*Data block*:
++++++++++
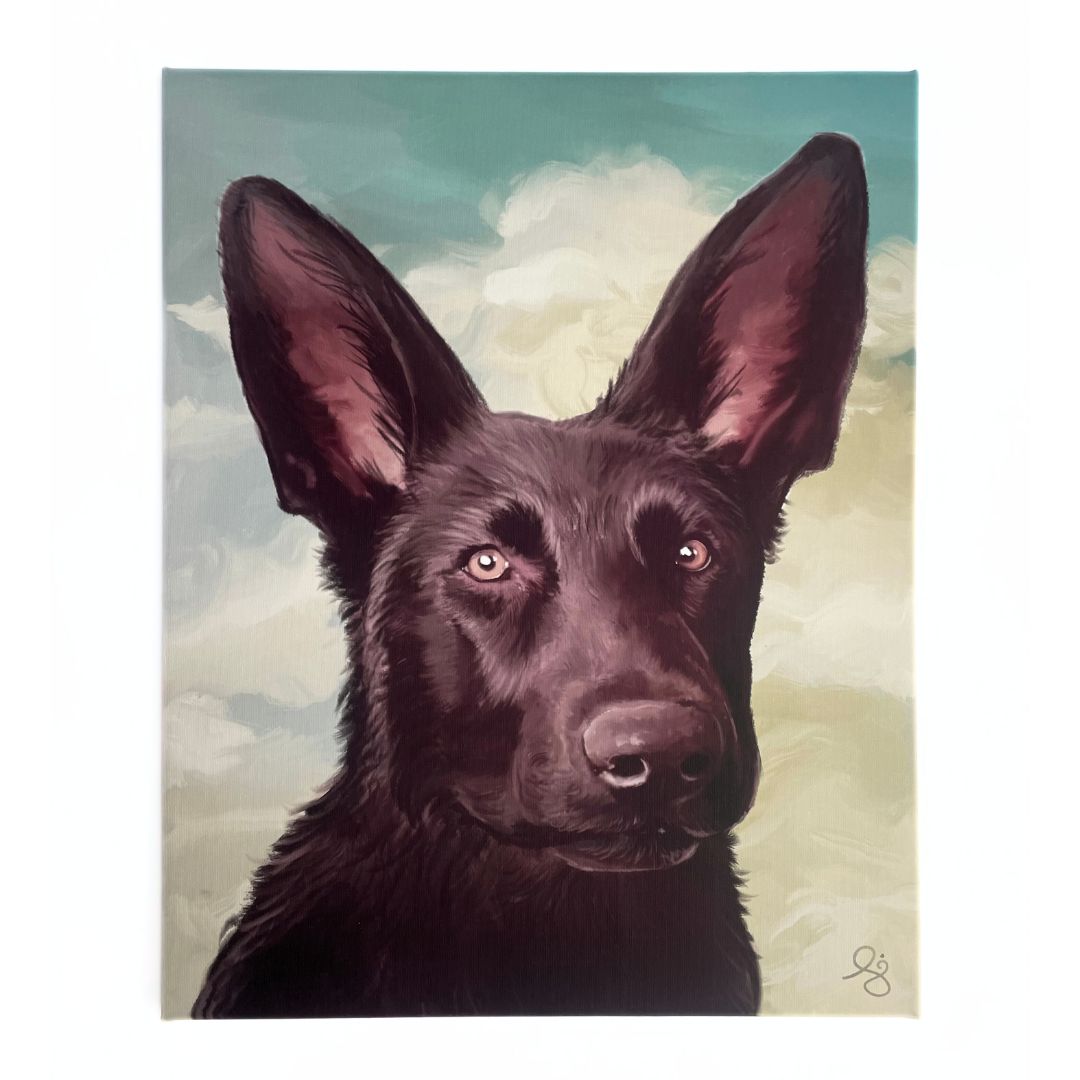 Jedes fur immer Tierporträt male ich digital von Hand, mit tausenden digitalen Pinselstrichen nach deiner persönlichen Foto-Vorlage, bevor es auf hochwertiger Baumwollleinwand in Museumsqualität gedruckt wird.
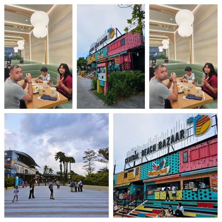 Our energy was drained from the Luge ride and our beach stroll, so we went to find another snack place again, we ordered some drinks and snacks at Shake Shack. This is just located near the Central Beach Bazaar where the Wings of Time will be shown later.
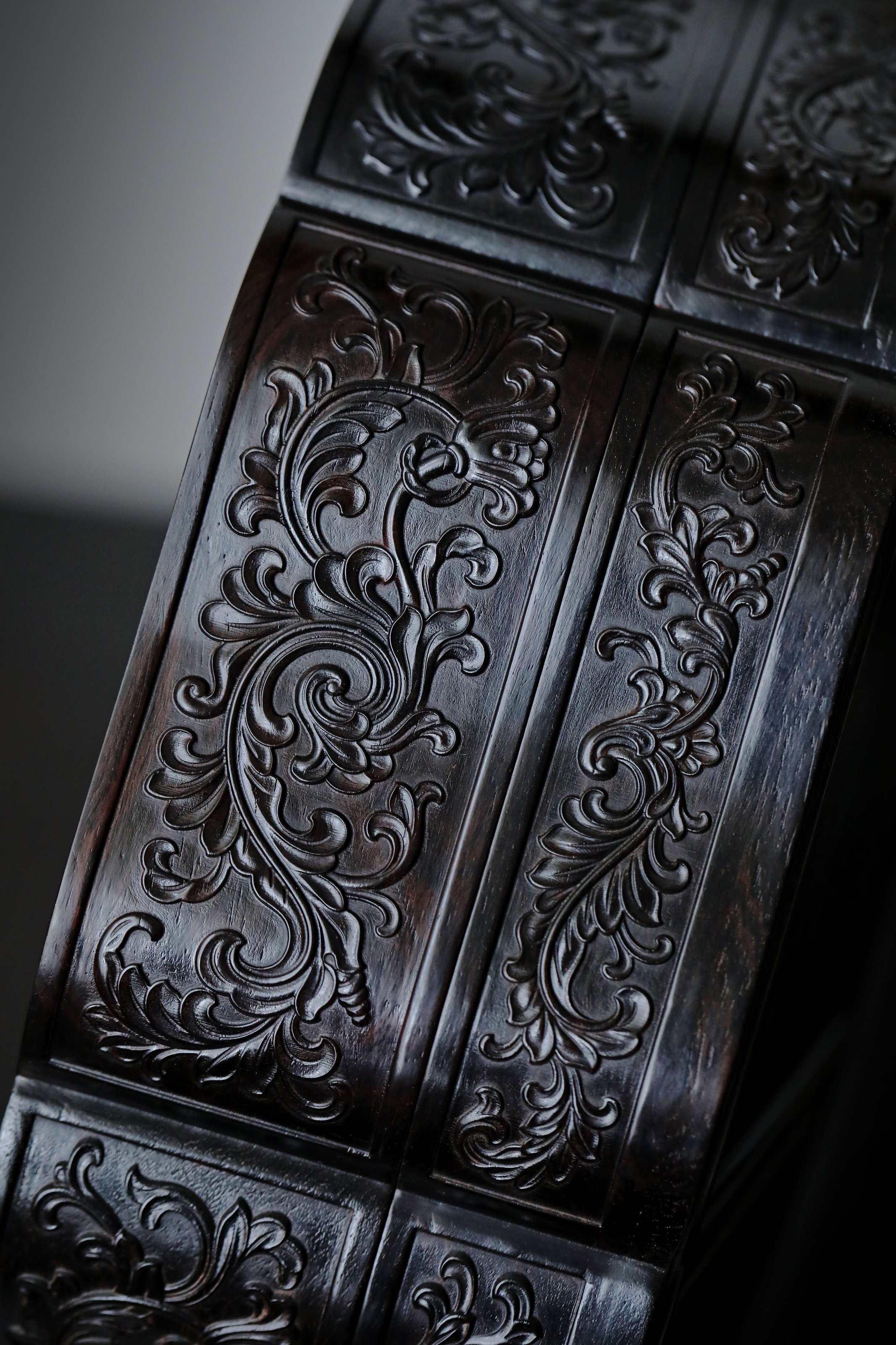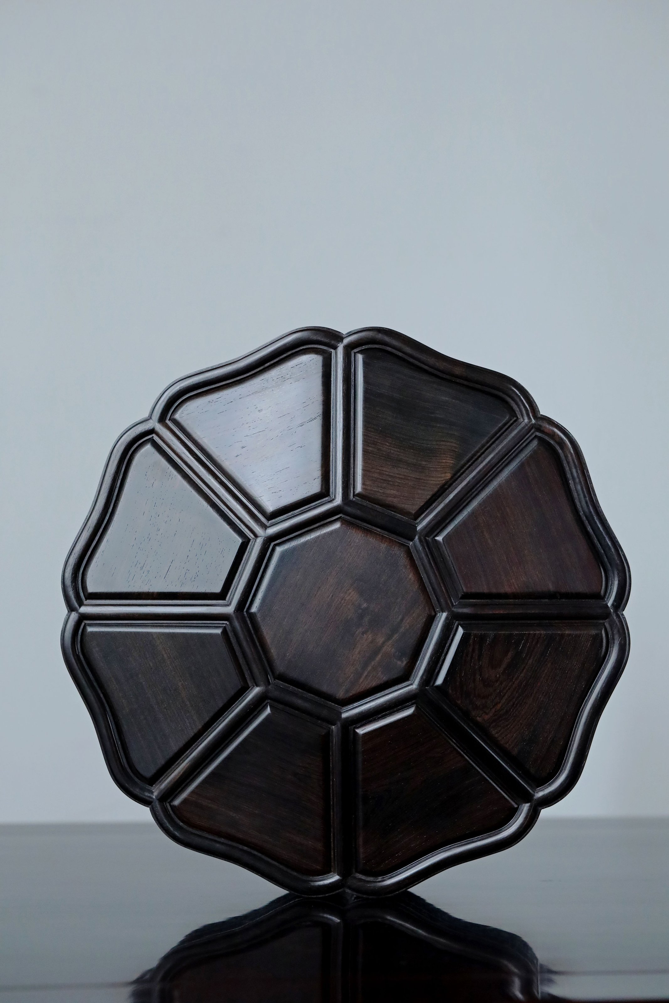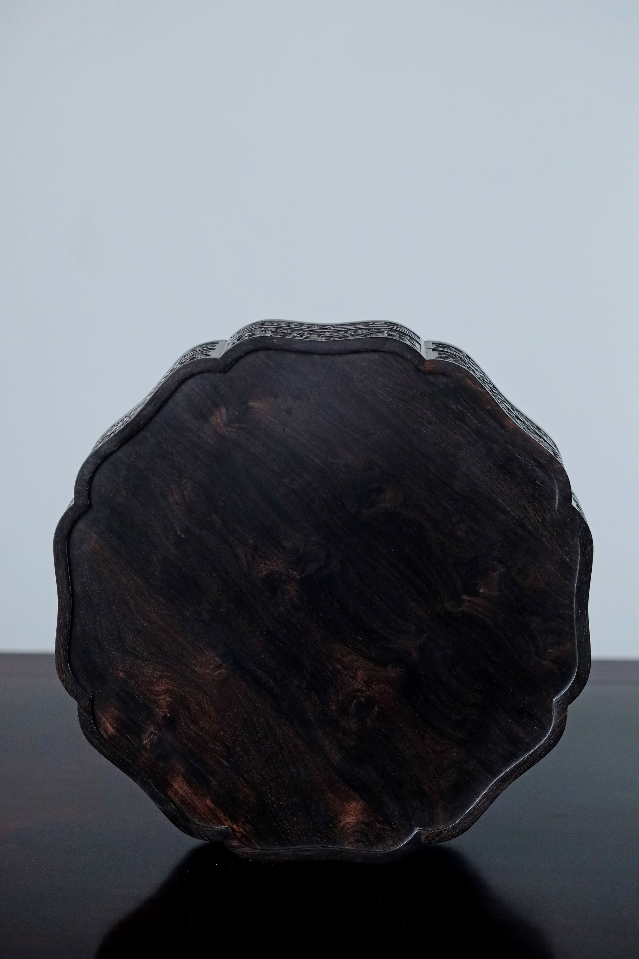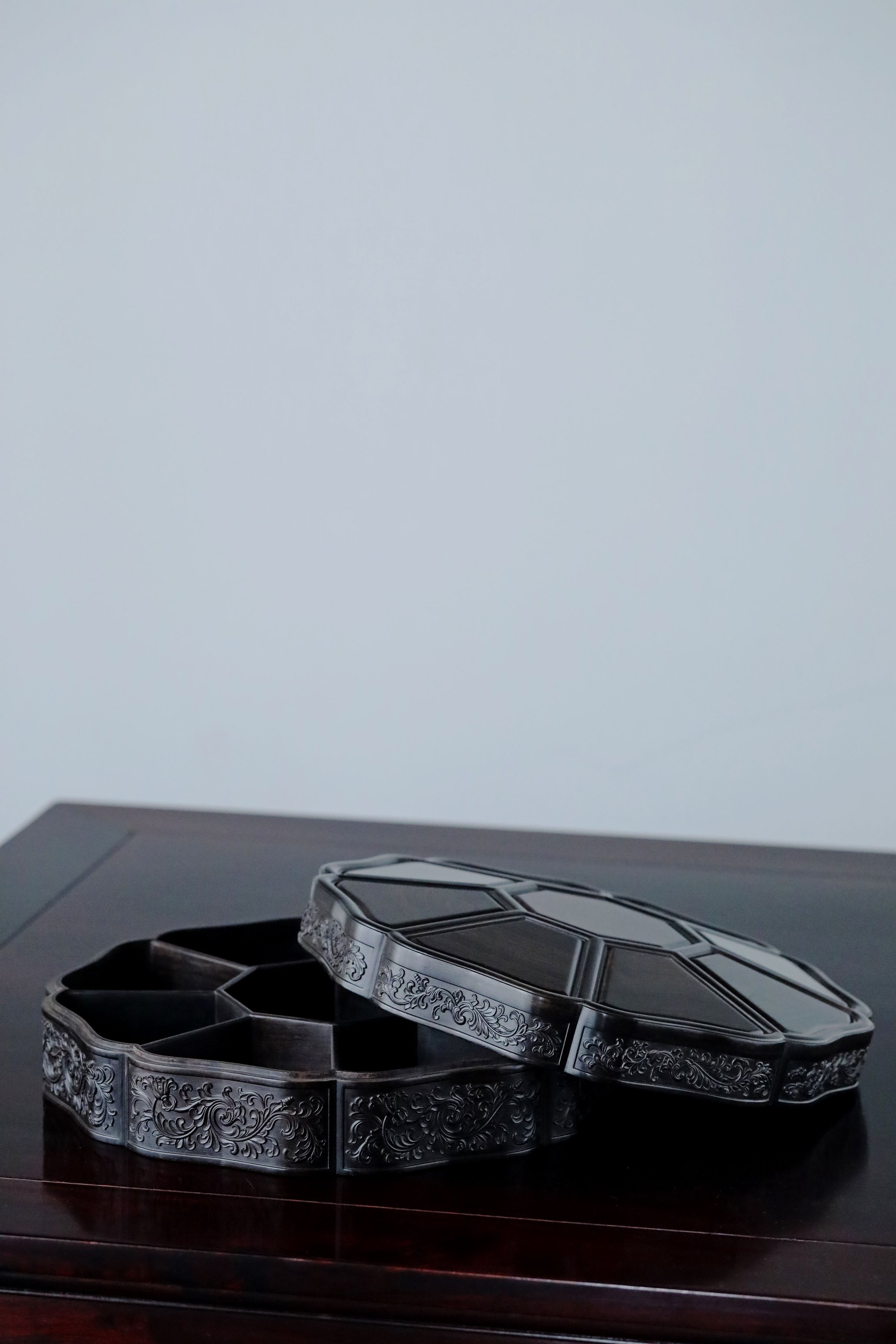 盖盒紫光檀制,榫卯精工,色泽玄紫,沉穆静雅,葵花为形,盖面以宽线廓形,微微向上凸起,简约大气,侧面满雕西番莲纹,花叶翻卷自如,雍容华贵。盒内亦设小格,方便分类收纳。
++++++++++
*The problem*: Retype only the lines above from the one with "Our energy was" through the last, both ends included, keeping every picture out of the copy.

*Exercise result*:
 Our energy was drained from the Luge ride and our beach stroll, so we went to find another snack place again, we ordered some drinks and snacks at Shake Shack. This is just located near the Central Beach Bazaar where the Wings of Time will be shown later.
 盖盒紫光檀制,榫卯精工,色泽玄紫,沉穆静雅,葵花为形,盖面以宽线廓形,微微向上凸起,简约大气,侧面满雕西番莲纹,花叶翻卷自如,雍容华贵。盒内亦设小格,方便分类收纳。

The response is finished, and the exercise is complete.